O que realmente acalma o cachorro, no entanto, é gastar energia, se ele fizer alguma atividade estimulante que o deixe mais cansado, ele irá dormir enquanto o tutor estiver fora, não importa se há ou não uma TV ou rádio ligado para ele.
Os cães conseguem reconhecer imagens na TV, mas até certo ponto
Com os aparelhos mais modernos, com imagens de alta definição, os cães conseguem reconhecer imagens – embora não vejam todas as linhas de movimento – essa realidade aumenta quando se trata de imagens estáticas.
Deixar imagens da família, por exemplo, pode trazer certo relaxamento ao animal, mesmo que ele não entenda por que todas aquelas pessoas estão lá. Mas isso irá reforçar esse comportamento, enquanto os tutores não estão no ambiente, e pode até prejudicar o animal futuramente.
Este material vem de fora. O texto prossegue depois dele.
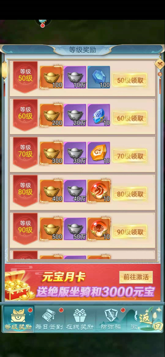 玩古剑奇闻录的玩家可以选择性地进行一些闯关做任务的活动,当每次等级提升10的整数位,那么就很容易得到元宝,点击等级礼包领取,就能得到不少的元宝奖励。
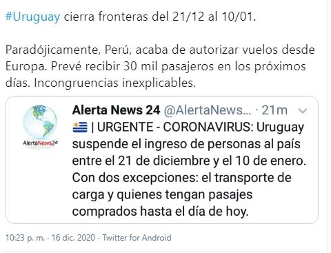 Durante la noche del miércoles, el presidente de Uruguay, Lacalle Pou, anunció que debido al avance de nuevos casos de coronavirus, suspenderá el ingreso al país desde el 21 de diciembre hasta el 10 de enero. "Tomamos la decisión de suspender el ingreso al país entre el 21 de diciembre y el 10 de enero", sostuvo el mandatario frente a la prensa.
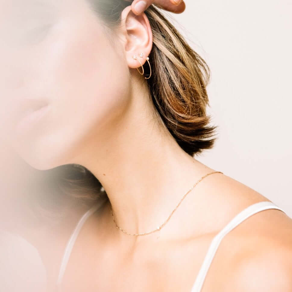 We are dedicated to ethical and sustainable production and use only 18k recycled solid gold and lab-grown diamonds of the highest color and clarity. The colourless diamonds we use are of EF color and VS clarity.

“O recomendado é sempre tratar o cachorro como cachorro, com o que ele precisa, não importa qual seja a raça ou onde ele mora”, André destaca. “Ele tem que ser cachorro, ele tem que brincar, ele tem que correr, ele tem que ir para a rua! Tem gente que deixa o cachorro a vida inteira sem sair, com a justificativa de que ‘tem uma casa grande’, e isso é um absurdo”.
André exemplifica com o isolamento social, ocorrido no auge da pandemia de covid-19, quando muitas pessoas não aguentavam ficar muitos dias presos dentro de casa, independentemente do espaço. “Os cães precisam correr, brincar, eles precisam sair e ir para a rua. Esse é o natural do cachorro!”, completa.
Estímulo positivos para o cachorro
Em vez de ligar a TV, uma forma simples de estimular o cachorro positivamente é deixá-lo farejar, um comportamento natural para ele e que envolve o olfato, seu principal sentido.
“O tutor pode enriquecer o ambiente ao esconder petiscos pela casa, por exemplo, colocando o olfato do peludo para trabalhar. Ao contrário da hiper estimulação visual, a estimulação olfativa produz relaxamento do sistema nervoso central. Se você quer um cachorro calmo, estimule o olfato, e não a visão”, assegura Chamone.
Ela completa apontando que os tutores podem, e devem, usar outros meios para entreter o cachorro enquanto estiverem ausentes, que são muito mais saudáveis do que simplesmente manter uma tela ligada.
“Quando sair sem o cachorro, substitua as telas por uma atividade dentro de casa que dê a ele a oportunidade de farejar. E, sempre que possível, troque a tarde na TV por um passeio no parque, com muita natureza e cheiros diferentes – corpos e mentes (de cachorros e de humanos) agradecem”.